Still looking bullish as the Chart below shows.
This still looks Bullish like the FTSE250.
This one does have a sign that is not so great though. My Yellow Circle is catching a ‘Long Tails Doji’ which was formed on Thursday - this is not necessarily a Reversal Signal but it hints that the move up is waning. However, I see no great issue with this - the SmallCap Index has clearly had a strong run up and it doesn’t hurt to let some ‘heat’ come out of the move and let things calm down a bit so that in effect the Price can ‘regroup’ and then move higher again. Such Retracements are perfectly normal and healthy and we should not fear them.
Pound vs. Dollar
There’s not much to say here - it looks pretty sideways really. There is a lot of Resistance up above around 1.26 to 1.28 and below there is Support at 1.21 to 1.24 ish. Note the 50 and 200 Day Blue Wavy Moving Averages are heading towards one another and I expect we will soon see a Bullish ‘Golden Cross’ which would be bullish for the Pound.
At the moment I am seeing little excitement here and therefore I can’t see the Pound affecting the FTSE100 much. Normally the FTSE100 likes a Weaker Pound.
VIX Volatility Index ‘The Fear Gauge’
This is something which has been confusing me all week. The VIX has spiked (as my Green Circle shows) but the US Indexes are not exactly tanking. It is weird because usually if the VIX spikes like this you would expect the US Stock Indexes to be really ugly and that horrible panicky feeling to be in the Markets - I am seeing and sensing none of this. I don’t get it.
Brent Crude Oil (Spot)
This one is quite interesting. We seem to have 2 Sideways Ranges which are marked by my Green Arrows and my Yellow Arrows. What surprised me was how we dropped back into the lower Range but soon after the Oil Price got back up into the Higher Range. At the moment, it looks like we have topped out at around $57 ish and there is good Support below at about $54. Overall it is pretty Sideways I think and this will therefore most likely have little impact on the FTSE100.

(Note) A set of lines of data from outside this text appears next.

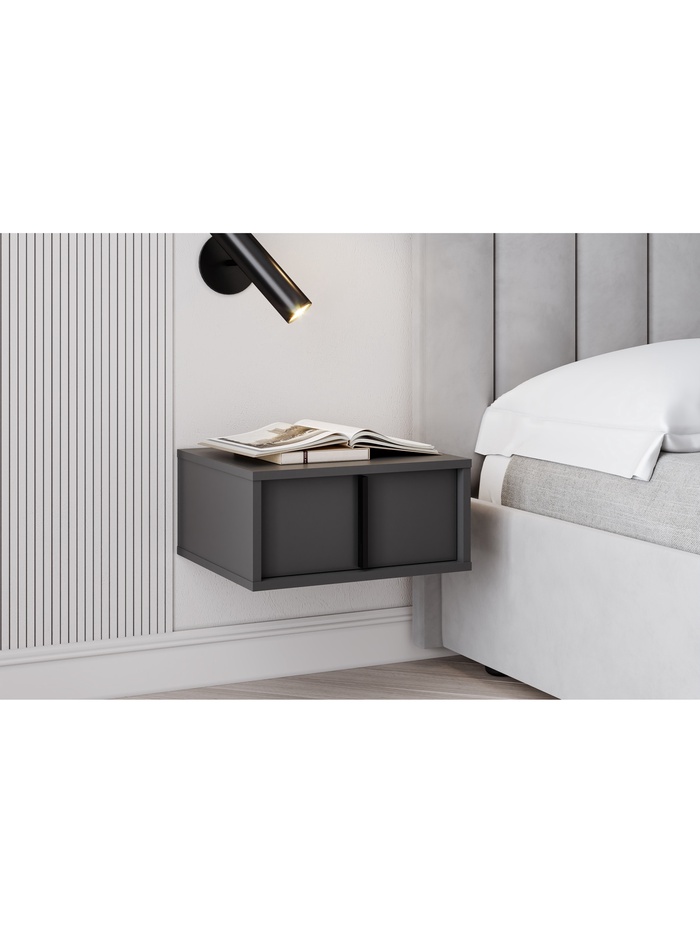 Элемент коллекции «Тео – универсальные малые формы». Компактная модель в оттенке антрацит предназначена для настенного размещения и подходит для использования как самостоятельный модуль или в составе мебельного комплекта.
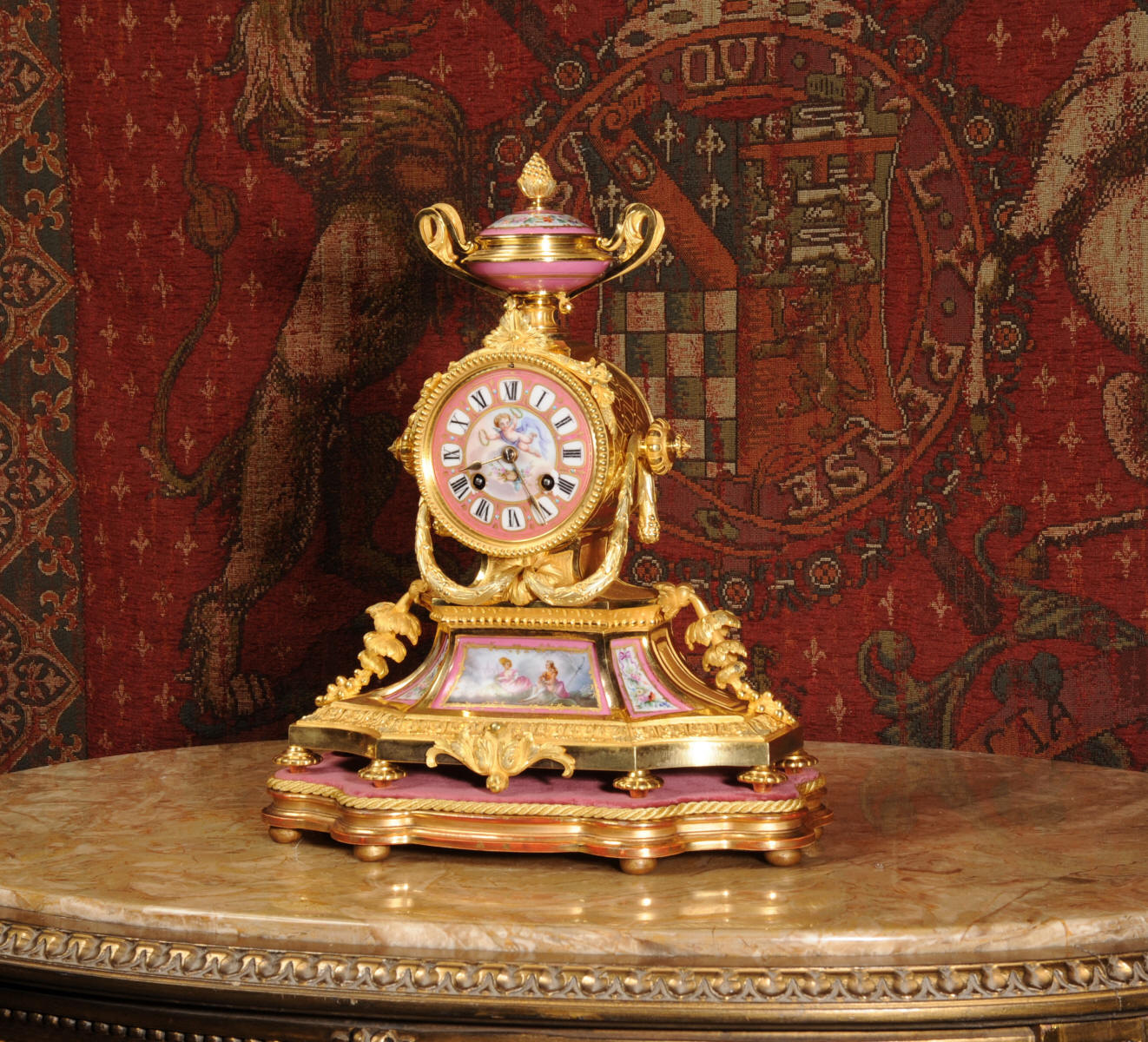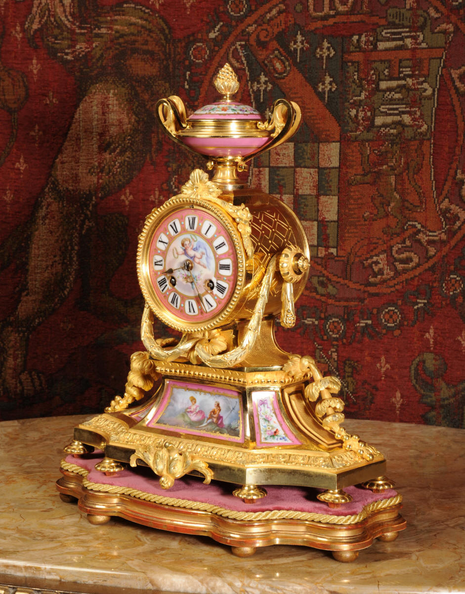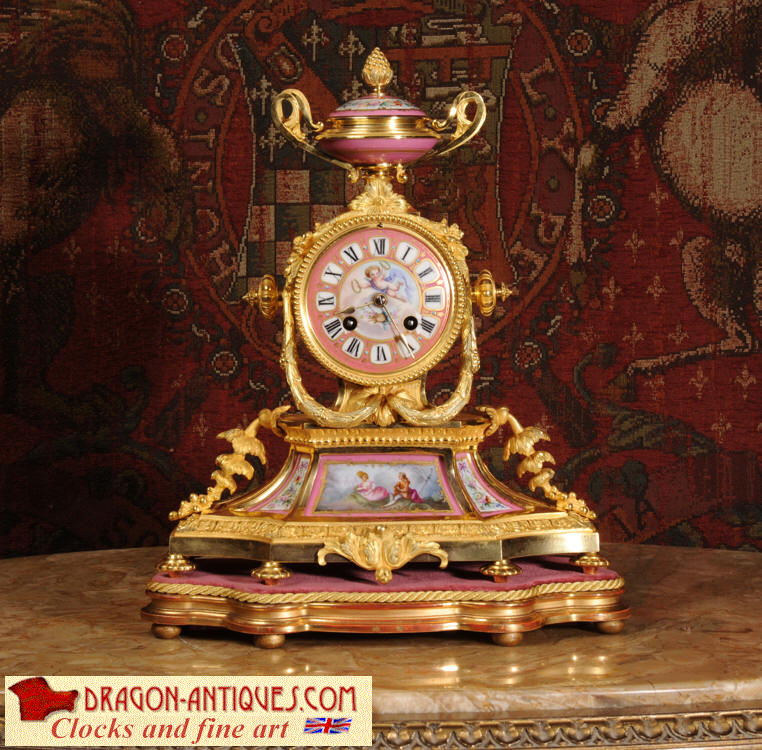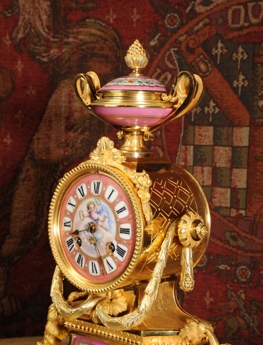 The dial is mounted in a gilded drum with a pink porcelain urn above. This is decorated with floral swags and ormolu handles. Laurel swags hang below the dial. The original gesso base is covered with pink velvet, it bears a number that is one less then that of the clock, however it is a perfect fit and therefore we think this is an original numbering error. The rear door is glazed with convex frosted glass. (Please note that this style of clock does not have a glazed bezel over the dial).
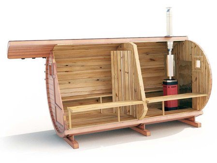 De plus, tout bain de barrique peut être équipé de petite terrasse couverte avec bancs pour se reposer à l'air frais, marches, petites tables, vantaux de fenêtres, protections pour le four et autres éléments. Basé sur le projet standard, il peut être en sous-effectif à votre goût, tout en recevant le bain de vos rêves.
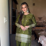 Looking for this same colour beautiful Designer Suit on Japan Satin Silk febric with Inner and Sequnce work and Dhoti on also Japan Satin Silk Febric.
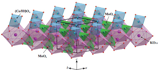 The KCo1/2Hf1/2(MoO4)2 structure exhibits a layered crystal structure. Two distinct layers are oriented perpendicular to the c-axis: the first layer comprises (Co/Hf)O6 octahedra, while the second consists of KO12–icosahedra and MoO4–tetrahedra, which are connected through shared oxygen edges (Fig. 2).
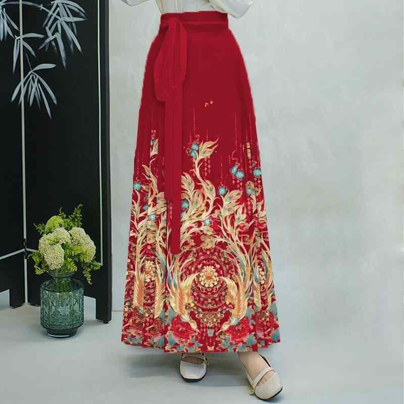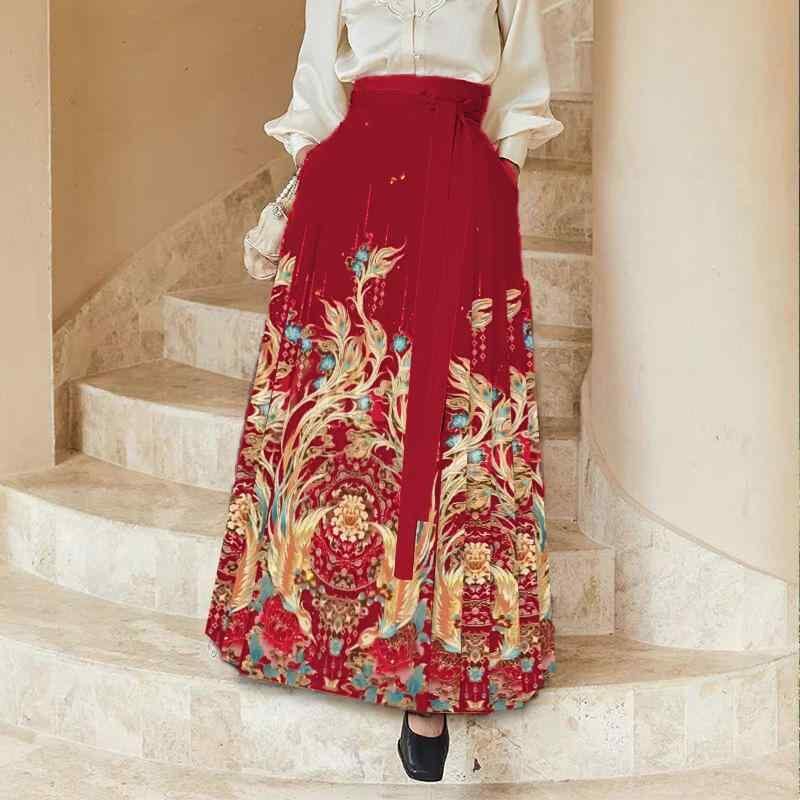 漢服セットアップ レディース 女性用 馬面スカート プリーツスカート ロング丈 ポリエステル 新中華風 大きいサイズ 体型カバー オールシーズン 高級感
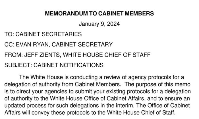 根据媒体拿到的一份备忘录,白宫办公厅主任齐恩茨1月9日通知内阁秘书们,一旦出现职务授权,或者出现潜在的授权委托,需要通知白宫办公厅和内阁事务办公室。同时齐恩茨也要求各部门本周内将各自的授权程序发送给他,以便进行评估。

As ever, Big Picture first. Regular Readers will remember this Chart from the last few weeks, and the key thing here is that Long Term Downtrend Line in Red marked with my Red Arrow. In order for the Gold Price to go higher, it needs to break above this Red Line and as we will see on the next Chart, the Price is right on this line now.
The chart below zooms in on the Gold (Spot) Daily Candles and my Green Circle is showing where we are now which is roughly on that Red Long Term Downtrend Line as marked by my Red Arrow. A Break-out over this is what is needed now and I guess a move over about $1310 would show this is clearly broken (and not just a ‘False Breakout’).
My Yellow Circle is hopefully showing how the 50 Day and 200 Day Moving Averages are converging and we could be very near a Bullish ‘Golden Cross’ soon - if we get this, then it will probably confirm a Breakout over that Red Downtrend Line. An interesting Chart this.
That’s it for this week, I hope the Markets swing your way !!